Question: Practice Problem 1 : XLF Inc. is a publicly listed entity operating in Calgary, Alberta. XLF is a resource exploration company. Recently, the energy industry

Practice Problem 1:
XLF Inc. is a publicly listed entity operating in Calgary, Alberta. XLF is a resource exploration company. Recently, the energy industry has experienced many disruptive changes, particularly in regard to the price of oil. XLF is preparing for the annual year-end audit, and the controller is analyzing her options regarding recording a provision related to a recently orphaned (abandoned) well.
The controller expects that materiality will be $250,000, which is the materiality from last years audit. The reports from the geologists estimate that the cost to remediate one orphan well could range from $180,000 to $300,000.
XLF has struggled with profitability this year. The CFO stated at the last board meeting that all employees have a responsibility to control costs to help to restore XLFs profitability and, in turn, the share price. To do her part to help the companys profitability, the controller decides not to record the provision for the orphan well.
Also, during the last board meeting, the board of directors stated its concern regarding the price of oil and the impact that this could have on revenues in the upcoming year
Required:
(a) Who are the users of the financial statements for XLF? Consider both external and internal users.
b) The Conceptual Framework for Financial Reporting discusses the need for relevance and faithful representation as fundamental qualitative characteristics of financial information.

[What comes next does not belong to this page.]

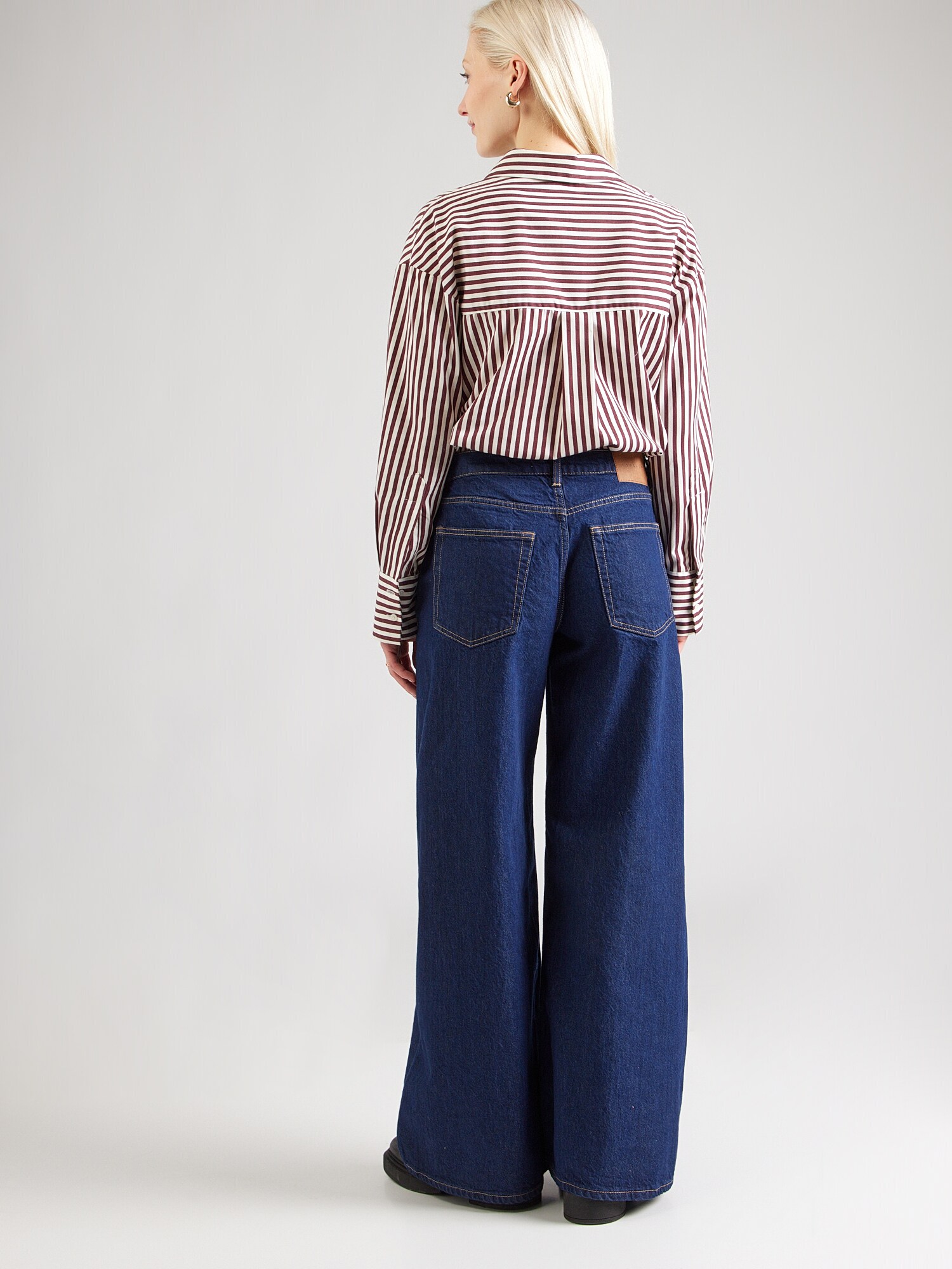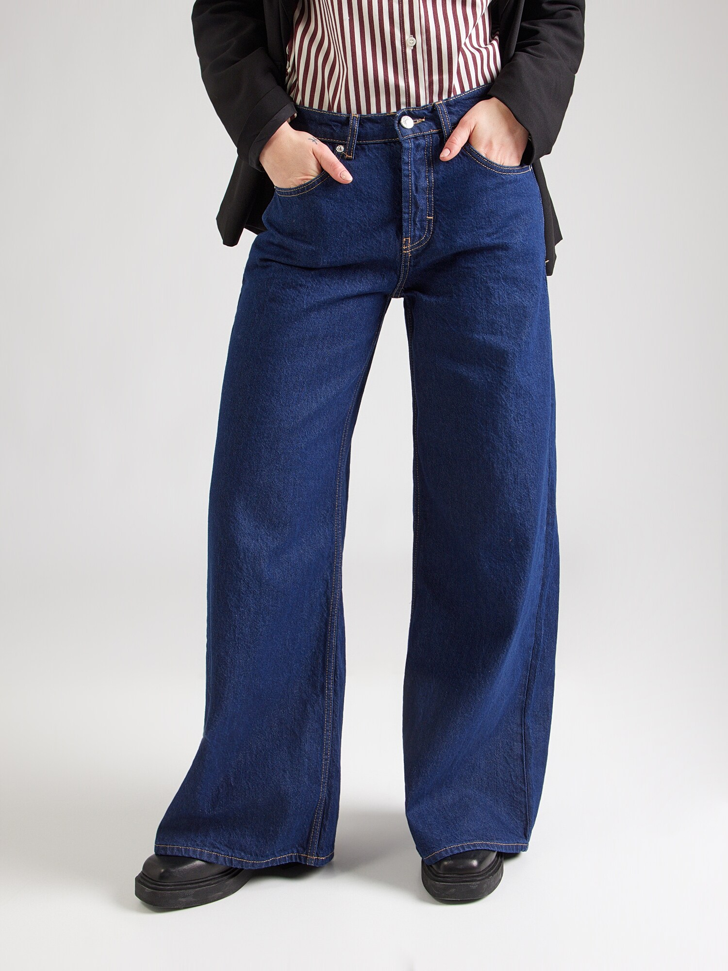 Design: Tiv/ margine tighelită, Închidere cu fermoar, Model cu 5 buzunare, Închidere cu nasturi; Tip de închidere: Fermoar; Material: Denim; Imprimeu: Monocrom; Detalii: Cusături contrastante, Petic cu logo, Efect prespălat, Material rigid, Găici pentru curea; Culoare: Denim albastru/ washed; Lungimea: Lung/maxi; Tipul croiului: Wide leg; Tipul taliei: Mid waist

i. If the controller does not record the provision for the orphan well, is relevance of the financial information achieved? Why or why not? (Consider materiality in your response.)
ii. If the controller omits the provision from the financial statements, this will have an impact on which of the three attributes of faithful representation?
c) The board of directors is required to complete a going-concern assessment. Which sources of information should the board review in performing their assessment of going concern?